G3: An Effective and Adaptive Framework for Worldwide Geolocalization Using Large Multi-Modality Models
Jia, Pengyue, Liu, Yiding, Li, Xiaopeng, Zhao, Xiangyu, Wang, Yuhao, Du, Yantong, Han, Xiao, Wei, Xuetao, Wang, Shuaiqiang, Yin, Dawei
Worldwide geolocalization aims to locate the precise location at the coordinate level of photos taken anywhere on the Earth. It is very challenging due to 1) the difficulty of capturing subtle location-aware visual semantics, and 2) the heterogeneous geographical distribution of image data. As a result, existing studies have clear limitations when scaled to a worldwide context. They may easily confuse distant images with similar visual contents, or cannot adapt to various locations worldwide with different amounts of relevant data. To resolve these limitations, we propose G3, a novel framework based on Retrieval-Augmented Generation (RAG).

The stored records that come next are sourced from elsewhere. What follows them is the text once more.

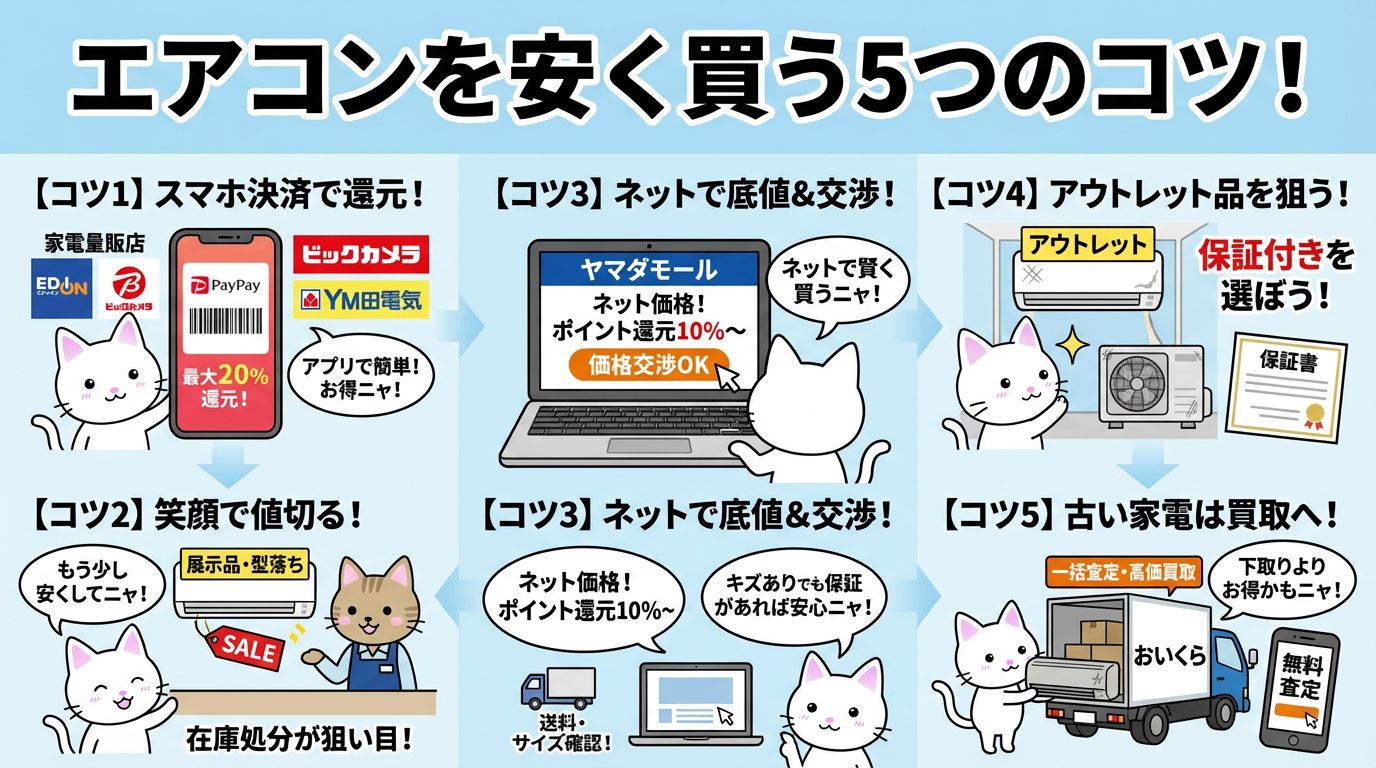 エアコンをお得に購入するための方法を、さらに詳しくご紹介します。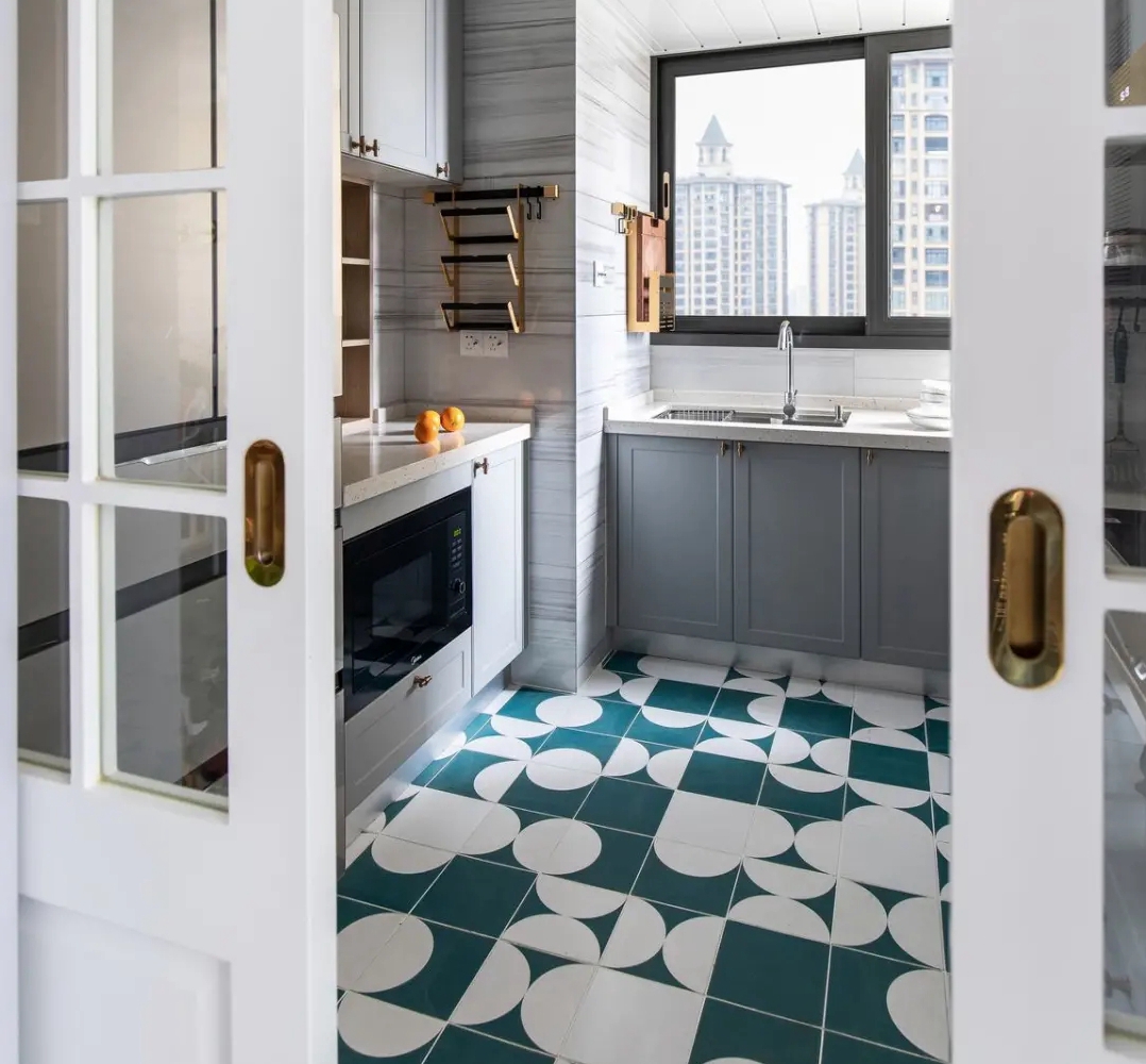 廚房地面是青白拼色的花磚,定制灰色櫥柜,在L字形的操作臺下,為主人帶來了一個明亮文藝的烹飪空間環境。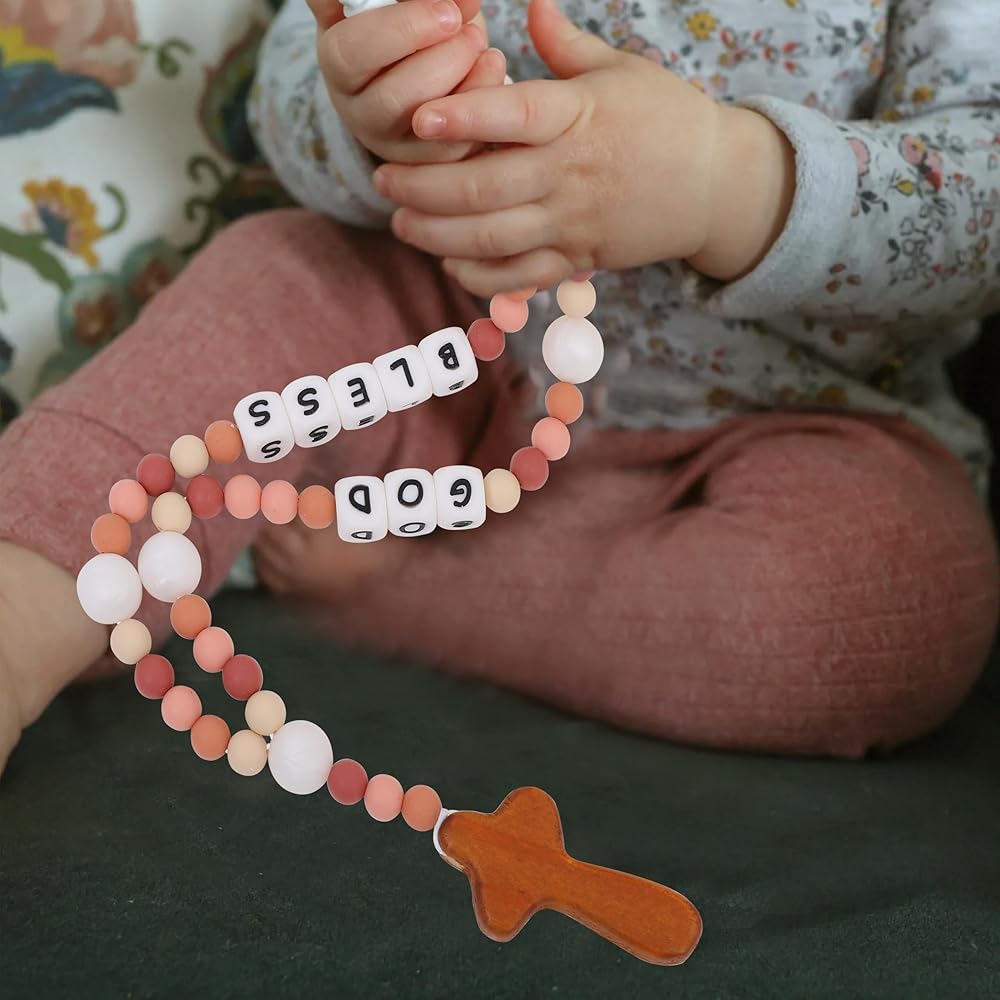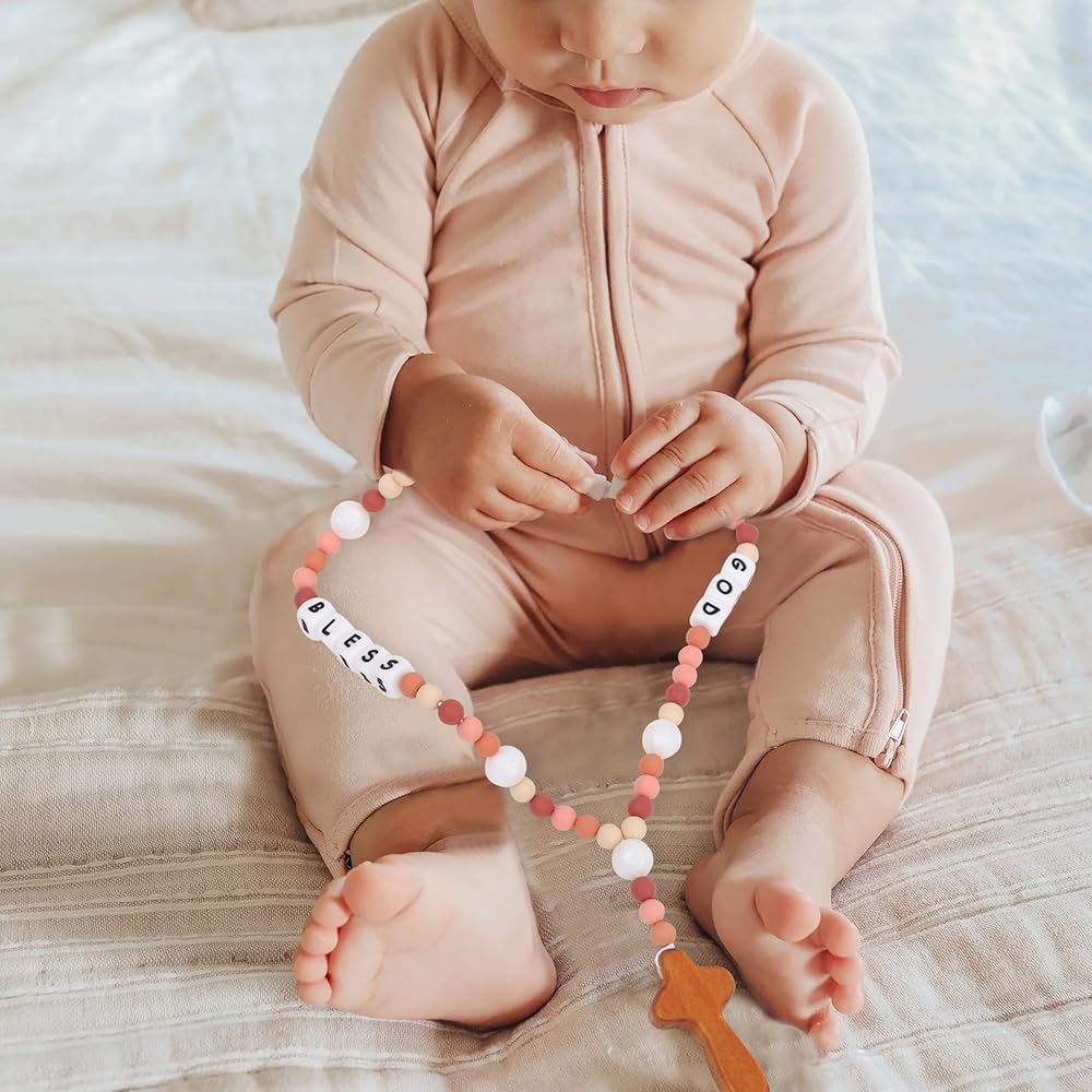 SILICONE CHEWY ROSARY: Soft silicone material is not only comfortable, but also has a certain degree of elasticity, even if accidentally dropped, will not be easily damaged, it is a great accompaniment to the growth of the little ones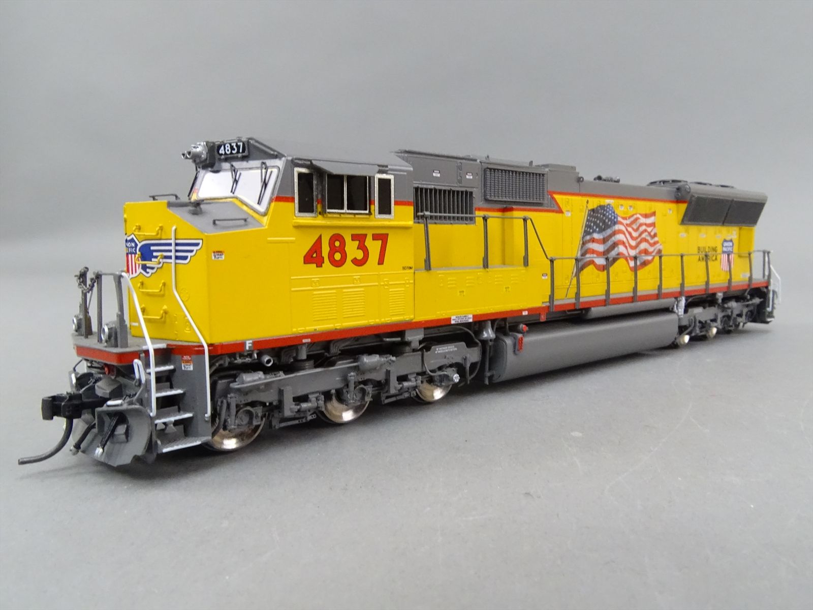 | Notes: | FACTORY PAINTED - W/ PHASE II CAB - VARIOUS NUMBERS BETWEEN #4837 - 4845 - YELLOW / GRAY - W/ WINGS / FLAG - BUILDING AMERICA - LIGHTS - DITCH LIGHTS - OMI-087010039.1 |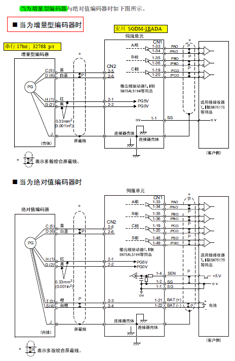 這是安川伺服給出的編碼器接線,(CN2)這個(gè)插接頭是增量型與絕對(duì)型共用的,僅絕對(duì)值類型多兩跟電池線.有哪位大俠能解釋下增量編碼器信號(hào)與伺服控制器之間的傳輸機(jī)制嗎?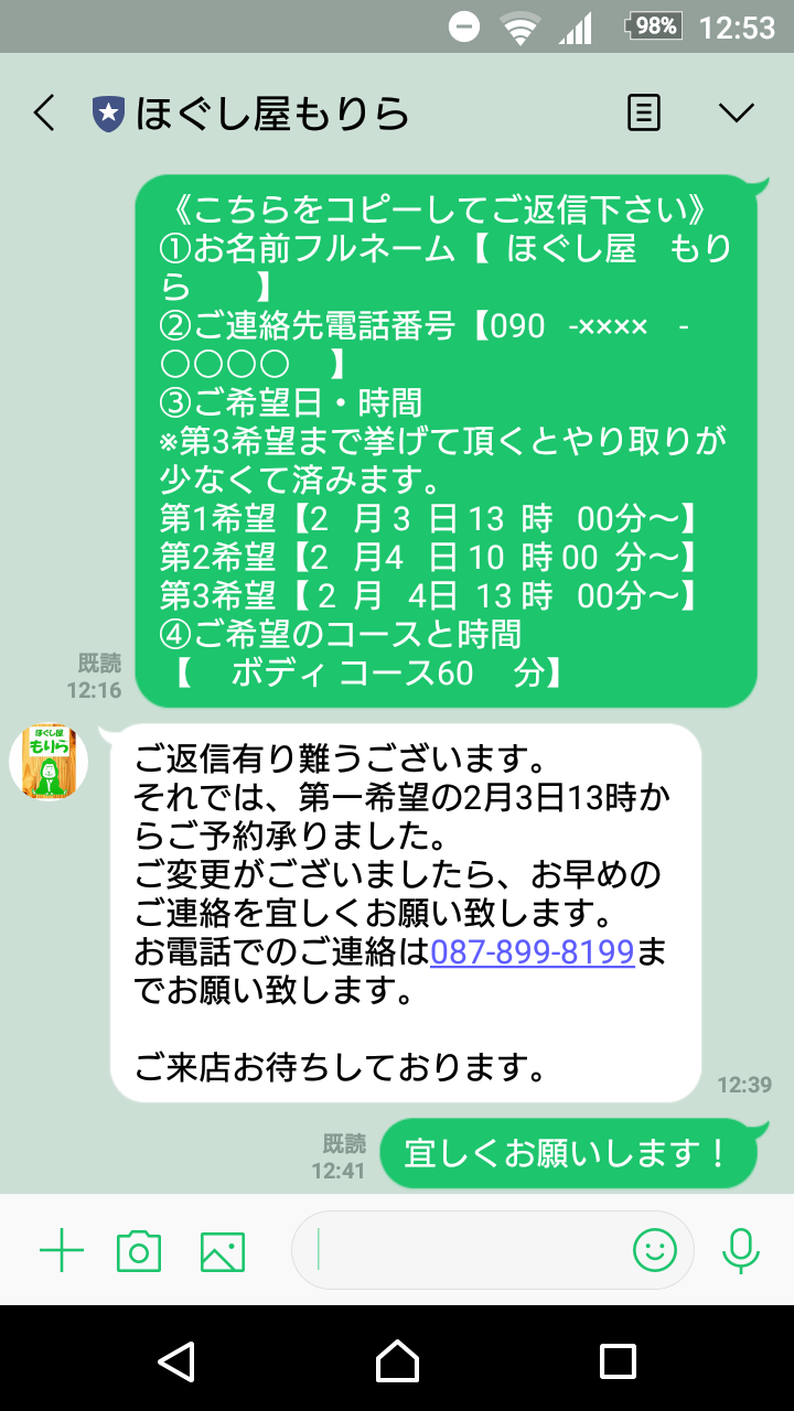 LINEのお友だち登録をしていただいたお客様はLINEから予約が出来るようになりました!(前日までの予約に限り)
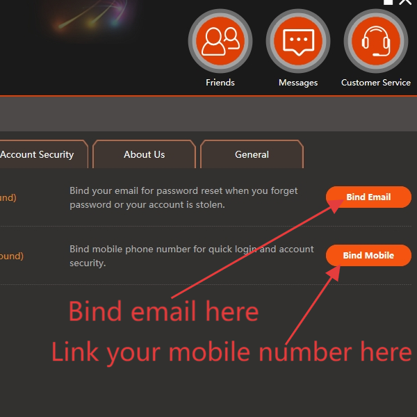In-game instruction: You can bind your email via Settings → Account Center.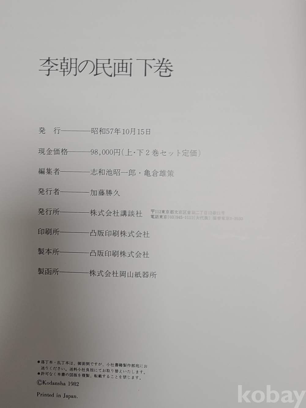 1982년 10월 15일 상, 하 2책 발행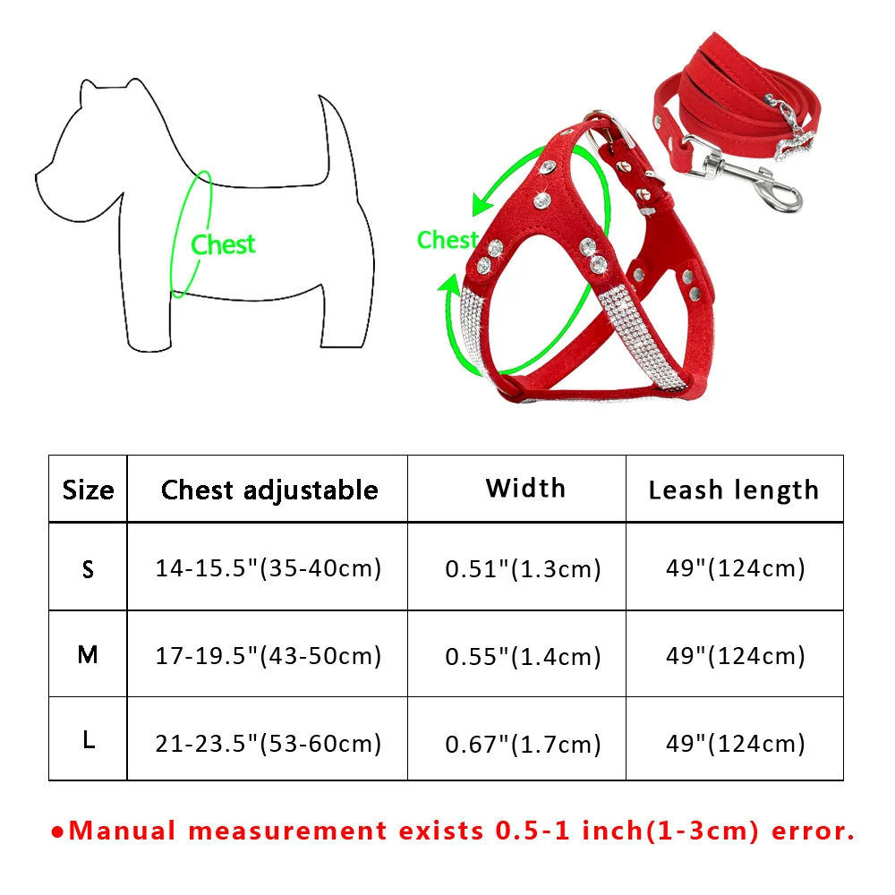 Los diamantes de imitación brillan tan bien, como los cristales de Swarovski. Tomé una talla S para mi chihuahua de 2 kg y le queda perfecto. Muchos elogios de todos, el arnés llama mucho la atención y parece cómodo para mi perro.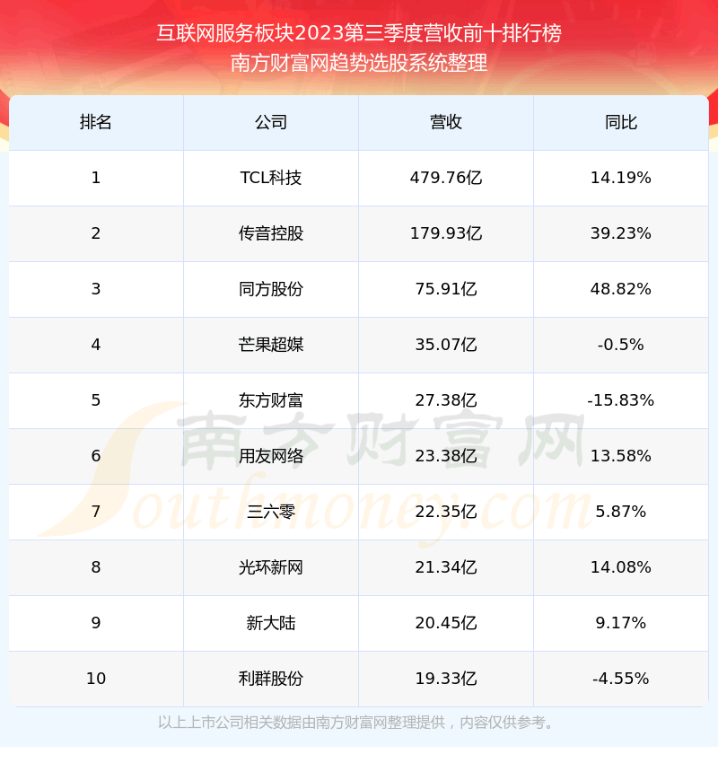 按照趋势选股系统统计,该股所属板块为互联网服务板块,该板块共有50只股票,电科数字2023第三季度营收在该板块中排名为第50名,该板块2023第三季度营收排名前十的股票如下表:

In particular, G3 consists of three steps, i.e., Geo-alignment, Geo-diversification, and Geo-verification to optimize both retrieval and generation phases of worldwide geolocalization. During Geo-alignment, our solution jointly learns expressive multi-modal representations for images, GPS and textual descriptions, which allows us to capture location-aware semantics for retrieving nearby images for a given query. During Geo-diversification, we leverage a prompt ensembling method that is robust to inconsistent retrieval performance for different image queries. Finally, we combine both retrieved and generated GPS candidates in Geo-verification for location prediction. Experiments on two well-established datasets IM2GPS3k and YFCC4k verify the superiority of G3 compared to other state-of-the-art methods.